Mugabe, one of the last from a political generation that included the late South African president Nelson Mandela, was confirmed at the Zanu PF conference in Masvingo last year as the presidential candidate for the next presidential election in 2018, when he will be 94.
The next Zanu PF elective congress is in 2019, when a new leader will be chosen.
While the security establishment is deeply loyal to Mugabe, whom they see as a steadying hand amid intense jockeying over his succession in the State and the ruling party, top commanders are said to be backing Vice President Emmerson Mnangagwa to succeed him.
Political analysts this week said while Mugabe may not be happy with how his military chiefs have gotten entangled in Zanu PF’s politics that may not change the fact that the army has emerged as a major Zanu PF power broker in the governing power — rightly or wrongly.
Blessing Miles Tendi, an Oxford scholar, asserts that Mugabe has maintained civilian control over the military through shared ideology, patronage, and the formal and informal power he gets from his position as commander-in-chief and being the most senior remaining figure from Zimbabwe’s nationalist liberation struggle.
As a reward for their loyalty, Mugabe has given security sector officials high-level positions throughout the State and party and also granted the military and other security sector officials choice farms.
When it suits him, Mugabe has even allowed the military to issue statements, lampooning his political rivals, especially Morgan Tsvangirai’s MDC.
In the bloody 2008 elections, Zanu PF’s rivals were bitter that the military had become partisan — fighting in the ruling party’s corner.
More and more, top military chiefs have been pushing the boundaries to the point of taking sides in the on-going debate on Mugabe’s succession.
Piers Pigou, senior consultant at the International Crisis Group, said it would not be unusual for military chiefs to be retired, adding that most of the security force chiefs have been retained on rolling annual contracts for some years now.
“As such, Mugabe has retained the option of retiring senior security figures for some time now.
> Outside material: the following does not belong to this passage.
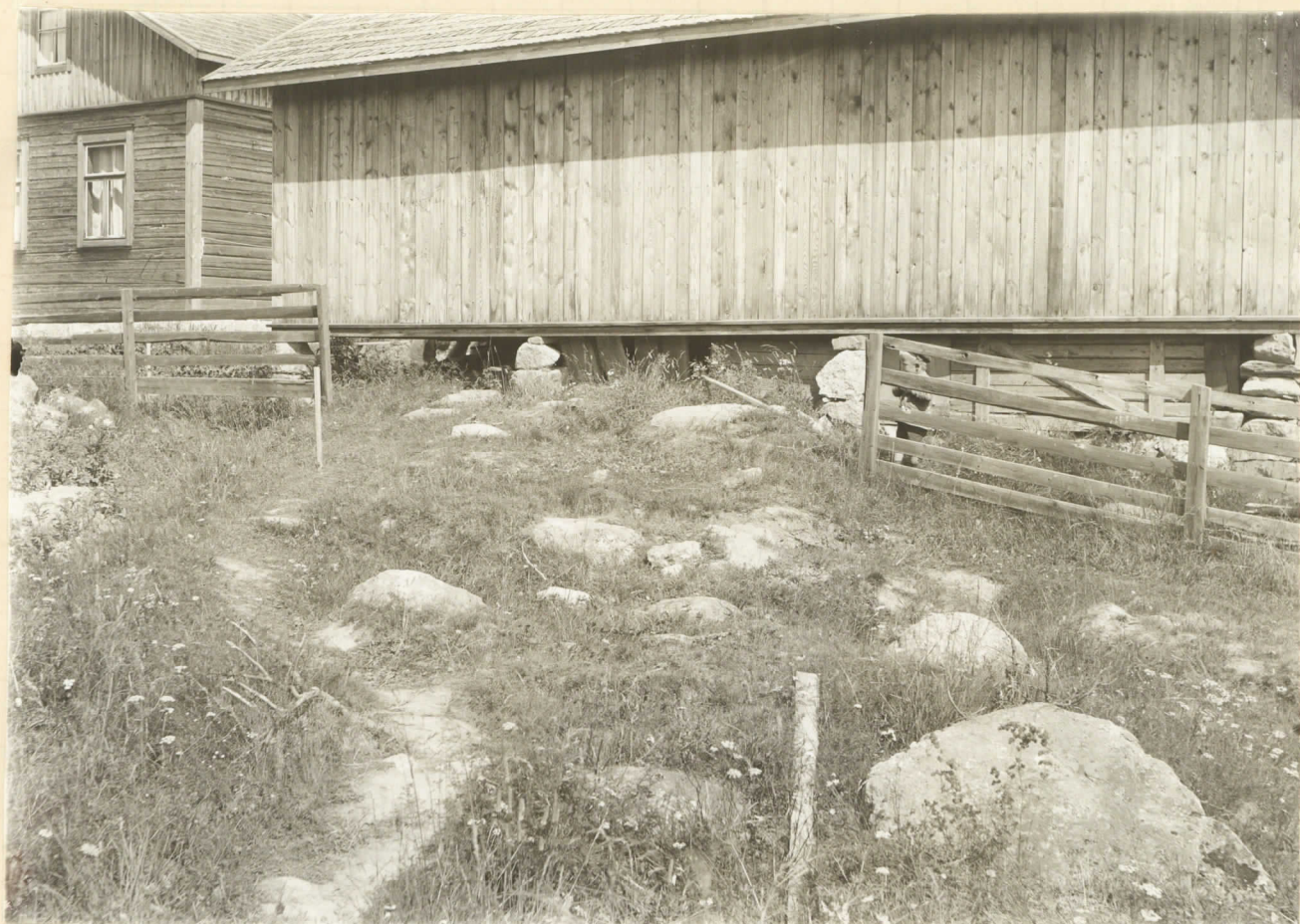
3. En del af samme græffält: området W om Tuloneus uthus. Till vänster Tuloneus stuga.

His direct reference to retiring these commanders is sufficiently opaque to keep his options open on the timing; it could be interpreted as a threat to remind, as his reference to accommodating them in government could be interpreted as an olive branch. Once again, we see Mugabe keeping his options open, although he had never been so publicly explicit about these retirements,” said Pigou.
United Kingdom-based politics expert, Stephen Chan, said Mugabe “has to do this very, very carefully because those generals provide a very great deal of political strength.”
“Having said that it’s normal in militaries around the world for generals to be retired at a certain age. This is so that there be can a constant dynamic renewal in the military,” he said.
“The first role of the military is to defend the country. And you have to have leaders that are absolutely up to date with modern ways of conducting the defence of the country.
“Even in Great Britain, the most senior generals get one term at the top and they are replaced in what they call the chairman of the defence staff and then they have to go. So this would not be abnormal. However, here it’s a dangerous political game.”
With Mugabe’s wife Grace emerging as a potential successor to the veteran president after openly challenging her husband at a women’s league national assembly meeting in Harare two weeks ago to name his preferred heir, experts are warning that if the incumbent passes the reins to a successor that is not acceptable to the military it may backfire.
This comes as brawling over the leadership of a post-Mugabe Zanu PF has sharply escalated, with two bitterly opposed camps going hammer and tongs against each other, with one rooting for Mnangagwa, 74, and the other backing Grace, 52, who has become a potent political force.
Defence minister Sydney Sekeramayi is also being tipped as a deserving successor to Mugabe.
Alexander Noyes, a senior associate at the Centre for Strategic and International Studies, said if Mugabe dies in office or passes the reins to a successor, the chances of some form of backlash could increase significantly, especially if the winning candidate does not enjoy support from the military.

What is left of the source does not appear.